EXTRACTED ENTRIES: Begin

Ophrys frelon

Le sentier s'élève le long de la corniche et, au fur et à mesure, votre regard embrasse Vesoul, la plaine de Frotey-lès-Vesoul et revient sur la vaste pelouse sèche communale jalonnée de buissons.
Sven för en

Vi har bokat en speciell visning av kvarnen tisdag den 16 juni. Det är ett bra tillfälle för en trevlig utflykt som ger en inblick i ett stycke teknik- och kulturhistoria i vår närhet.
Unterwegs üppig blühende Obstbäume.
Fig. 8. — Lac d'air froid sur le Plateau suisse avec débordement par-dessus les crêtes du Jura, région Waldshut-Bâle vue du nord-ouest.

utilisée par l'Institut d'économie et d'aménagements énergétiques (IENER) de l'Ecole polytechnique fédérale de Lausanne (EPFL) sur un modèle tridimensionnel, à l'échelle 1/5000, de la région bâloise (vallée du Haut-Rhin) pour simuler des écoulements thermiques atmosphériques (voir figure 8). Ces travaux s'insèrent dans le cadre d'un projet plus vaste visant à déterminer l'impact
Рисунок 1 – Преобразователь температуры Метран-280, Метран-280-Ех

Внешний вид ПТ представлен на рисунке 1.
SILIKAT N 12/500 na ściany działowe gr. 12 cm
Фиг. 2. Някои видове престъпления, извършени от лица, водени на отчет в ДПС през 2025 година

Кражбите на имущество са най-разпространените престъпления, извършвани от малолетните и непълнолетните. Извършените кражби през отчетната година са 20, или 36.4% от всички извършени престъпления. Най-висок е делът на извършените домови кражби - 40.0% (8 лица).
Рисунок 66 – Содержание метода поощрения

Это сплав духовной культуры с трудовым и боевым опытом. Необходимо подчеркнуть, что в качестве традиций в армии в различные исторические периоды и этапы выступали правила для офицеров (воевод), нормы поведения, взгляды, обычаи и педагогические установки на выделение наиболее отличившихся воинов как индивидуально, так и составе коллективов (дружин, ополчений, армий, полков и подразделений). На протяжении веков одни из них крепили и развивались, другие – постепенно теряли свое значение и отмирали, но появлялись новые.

EXTRACTED ENTRIES: End
EXTRACTED ENTRIES: Begin

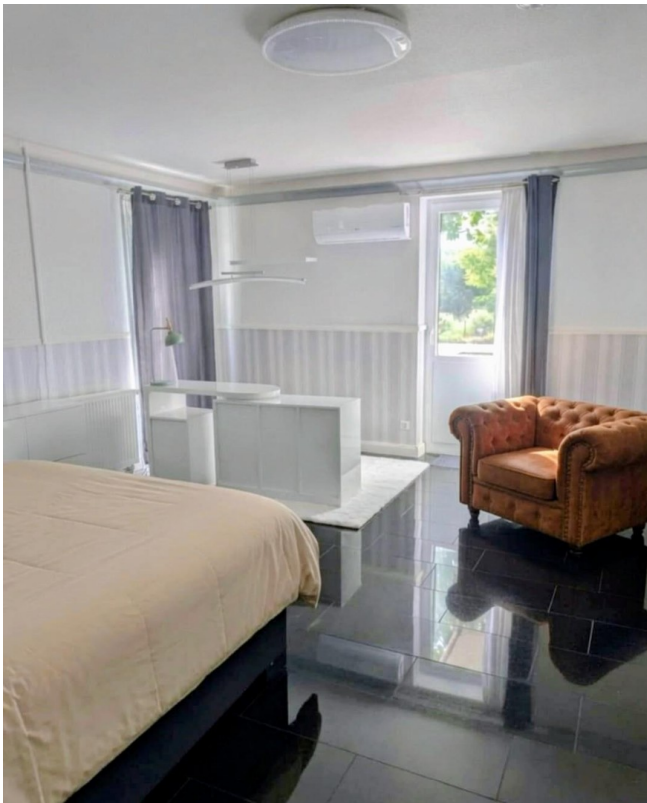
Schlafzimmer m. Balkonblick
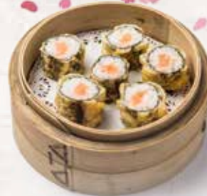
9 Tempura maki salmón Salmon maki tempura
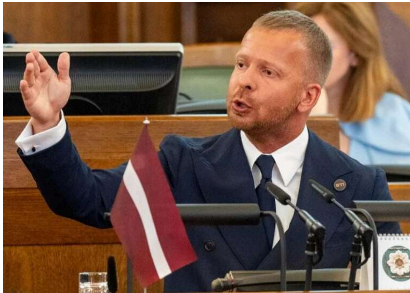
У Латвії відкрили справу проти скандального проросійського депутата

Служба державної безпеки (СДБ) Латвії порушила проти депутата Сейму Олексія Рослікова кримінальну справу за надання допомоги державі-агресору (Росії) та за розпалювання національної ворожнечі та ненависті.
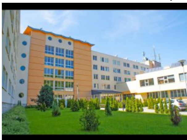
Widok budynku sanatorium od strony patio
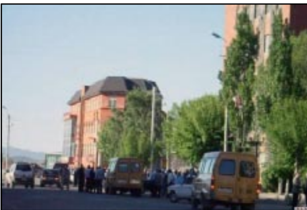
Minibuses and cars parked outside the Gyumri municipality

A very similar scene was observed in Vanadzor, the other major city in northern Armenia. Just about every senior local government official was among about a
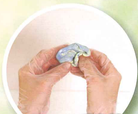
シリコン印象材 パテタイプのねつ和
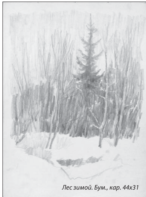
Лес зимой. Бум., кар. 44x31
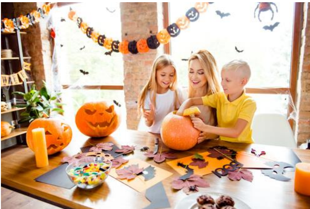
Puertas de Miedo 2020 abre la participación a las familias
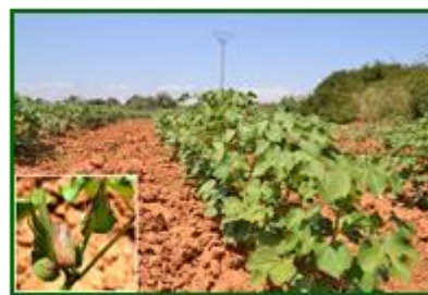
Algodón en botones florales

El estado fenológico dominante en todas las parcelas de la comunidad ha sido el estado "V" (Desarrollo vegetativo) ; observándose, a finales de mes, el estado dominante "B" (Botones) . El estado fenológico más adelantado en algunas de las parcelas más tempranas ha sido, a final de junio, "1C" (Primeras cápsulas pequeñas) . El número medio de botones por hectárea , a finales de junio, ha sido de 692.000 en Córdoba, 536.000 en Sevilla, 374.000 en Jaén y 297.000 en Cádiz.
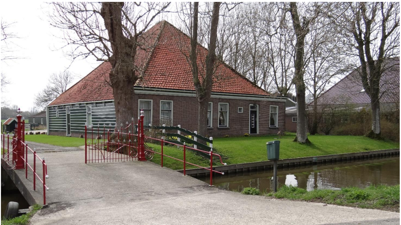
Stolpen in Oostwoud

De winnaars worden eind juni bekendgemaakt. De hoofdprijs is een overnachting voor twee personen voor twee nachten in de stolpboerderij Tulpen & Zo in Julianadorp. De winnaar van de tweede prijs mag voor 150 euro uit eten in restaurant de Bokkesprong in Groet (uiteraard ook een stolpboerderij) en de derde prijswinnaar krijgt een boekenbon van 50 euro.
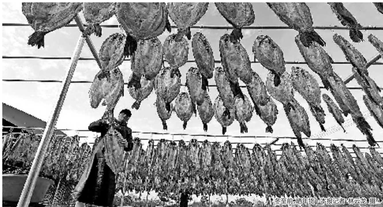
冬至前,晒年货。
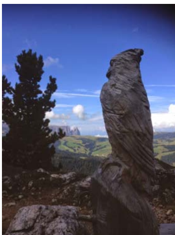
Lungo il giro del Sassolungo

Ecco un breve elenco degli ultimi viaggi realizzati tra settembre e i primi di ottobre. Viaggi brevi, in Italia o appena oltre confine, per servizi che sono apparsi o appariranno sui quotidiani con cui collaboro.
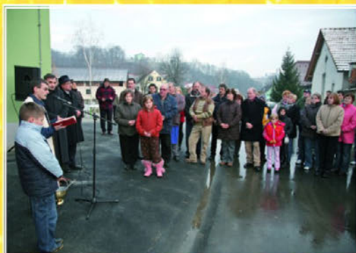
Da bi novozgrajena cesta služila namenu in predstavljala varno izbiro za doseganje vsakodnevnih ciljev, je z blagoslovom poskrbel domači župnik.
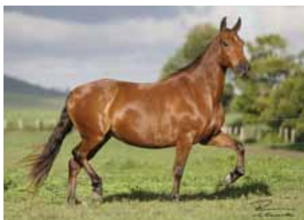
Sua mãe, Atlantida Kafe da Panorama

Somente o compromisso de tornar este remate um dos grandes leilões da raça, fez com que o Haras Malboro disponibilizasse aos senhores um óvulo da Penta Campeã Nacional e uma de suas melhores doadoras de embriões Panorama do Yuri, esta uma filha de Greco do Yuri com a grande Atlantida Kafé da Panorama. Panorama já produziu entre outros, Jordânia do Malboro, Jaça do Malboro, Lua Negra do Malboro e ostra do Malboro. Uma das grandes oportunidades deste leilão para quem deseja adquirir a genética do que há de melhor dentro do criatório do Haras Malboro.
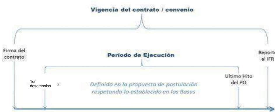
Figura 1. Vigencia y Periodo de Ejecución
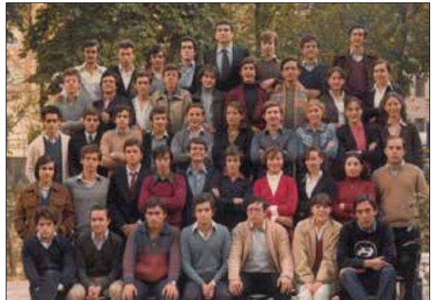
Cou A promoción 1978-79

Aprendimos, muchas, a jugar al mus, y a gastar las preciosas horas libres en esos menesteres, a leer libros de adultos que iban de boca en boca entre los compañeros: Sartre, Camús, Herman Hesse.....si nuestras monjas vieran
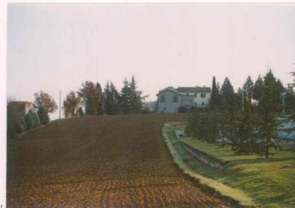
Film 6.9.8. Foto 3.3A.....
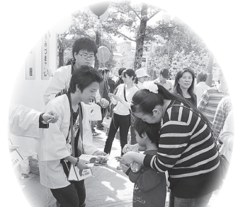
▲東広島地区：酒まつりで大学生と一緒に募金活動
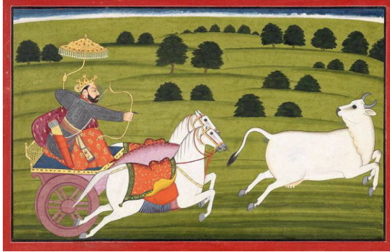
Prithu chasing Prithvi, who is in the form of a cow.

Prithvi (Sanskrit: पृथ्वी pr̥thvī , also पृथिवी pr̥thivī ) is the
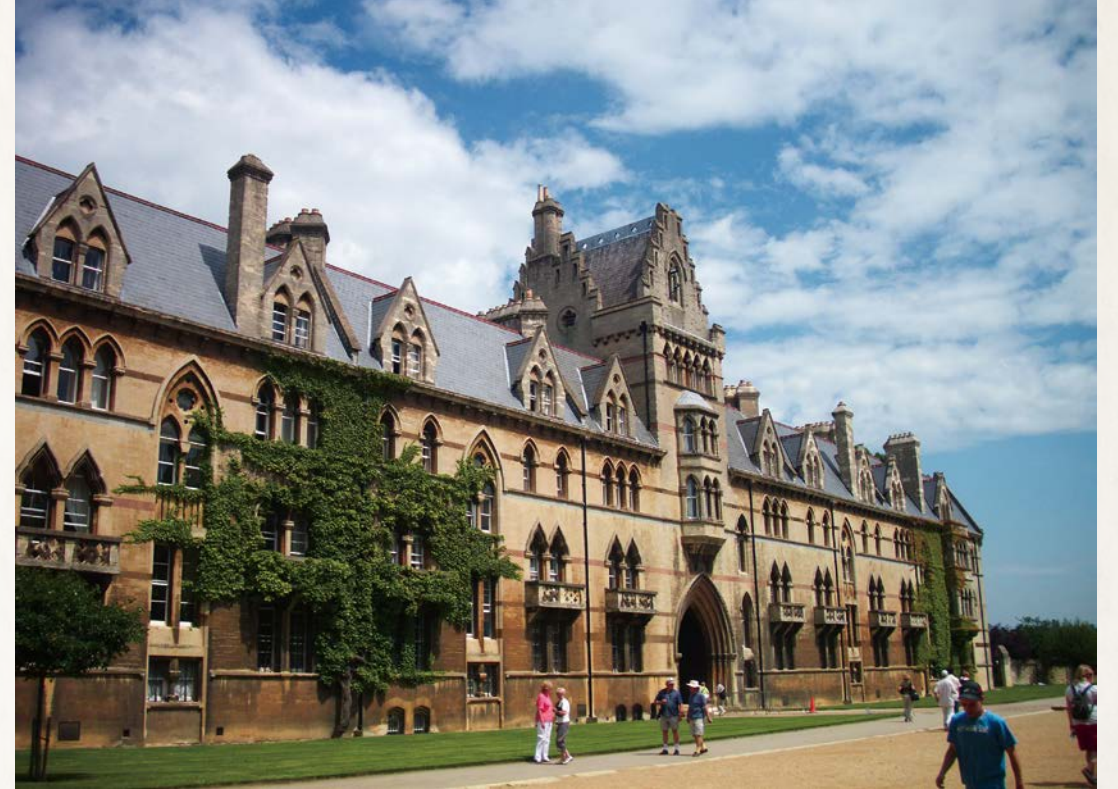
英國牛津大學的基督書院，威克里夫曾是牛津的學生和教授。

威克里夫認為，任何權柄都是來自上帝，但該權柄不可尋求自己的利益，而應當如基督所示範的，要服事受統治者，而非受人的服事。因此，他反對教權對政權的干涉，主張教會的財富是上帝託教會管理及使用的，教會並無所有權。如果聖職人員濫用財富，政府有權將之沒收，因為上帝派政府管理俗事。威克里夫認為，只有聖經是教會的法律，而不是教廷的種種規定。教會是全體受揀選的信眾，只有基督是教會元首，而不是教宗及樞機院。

EXTRACTED ENTRIES: End

- _DIRECTIONS_:
Reproduce the lines above starting at the one with "Stolpen in Oostwoud" and ending at the one with "威克里夫認為，任何權柄都是來", both included, exactly and with no pictures.

- _EXPECTED ANSWER_:
Stolpen in Oostwoud

De winnaars worden eind juni bekendgemaakt. De hoofdprijs is een overnachting voor twee personen voor twee nachten in de stolpboerderij Tulpen & Zo in Julianadorp. De winnaar van de tweede prijs mag voor 150 euro uit eten in restaurant de Bokkesprong in Groet (uiteraard ook een stolpboerderij) en de derde prijswinnaar krijgt een boekenbon van 50 euro.
冬至前,晒年货。
Lungo il giro del Sassolungo

Ecco un breve elenco degli ultimi viaggi realizzati tra settembre e i primi di ottobre. Viaggi brevi, in Italia o appena oltre confine, per servizi che sono apparsi o appariranno sui quotidiani con cui collaboro.
Da bi novozgrajena cesta služila namenu in predstavljala varno izbiro za doseganje vsakodnevnih ciljev, je z blagoslovom poskrbel domači župnik.
Sua mãe, Atlantida Kafe da Panorama

Somente o compromisso de tornar este remate um dos grandes leilões da raça, fez com que o Haras Malboro disponibilizasse aos senhores um óvulo da Penta Campeã Nacional e uma de suas melhores doadoras de embriões Panorama do Yuri, esta uma filha de Greco do Yuri com a grande Atlantida Kafé da Panorama. Panorama já produziu entre outros, Jordânia do Malboro, Jaça do Malboro, Lua Negra do Malboro e ostra do Malboro. Uma das grandes oportunidades deste leilão para quem deseja adquirir a genética do que há de melhor dentro do criatório do Haras Malboro.
Figura 1. Vigencia y Periodo de Ejecución
Cou A promoción 1978-79

Aprendimos, muchas, a jugar al mus, y a gastar las preciosas horas libres en esos menesteres, a leer libros de adultos que iban de boca en boca entre los compañeros: Sartre, Camús, Herman Hesse.....si nuestras monjas vieran
Film 6.9.8. Foto 3.3A.....
▲東広島地区：酒まつりで大学生と一緒に募金活動
Prithu chasing Prithvi, who is in the form of a cow.

Prithvi (Sanskrit: पृथ्वी pr̥thvī , also पृथिवी pr̥thivī ) is the
英國牛津大學的基督書院，威克里夫曾是牛津的學生和教授。

威克里夫認為，任何權柄都是來自上帝，但該權柄不可尋求自己的利益，而應當如基督所示範的，要服事受統治者，而非受人的服事。因此，他反對教權對政權的干涉，主張教會的財富是上帝託教會管理及使用的，教會並無所有權。如果聖職人員濫用財富，政府有權將之沒收，因為上帝派政府管理俗事。威克里夫認為，只有聖經是教會的法律，而不是教廷的種種規定。教會是全體受揀選的信眾，只有基督是教會元首，而不是教宗及樞機院。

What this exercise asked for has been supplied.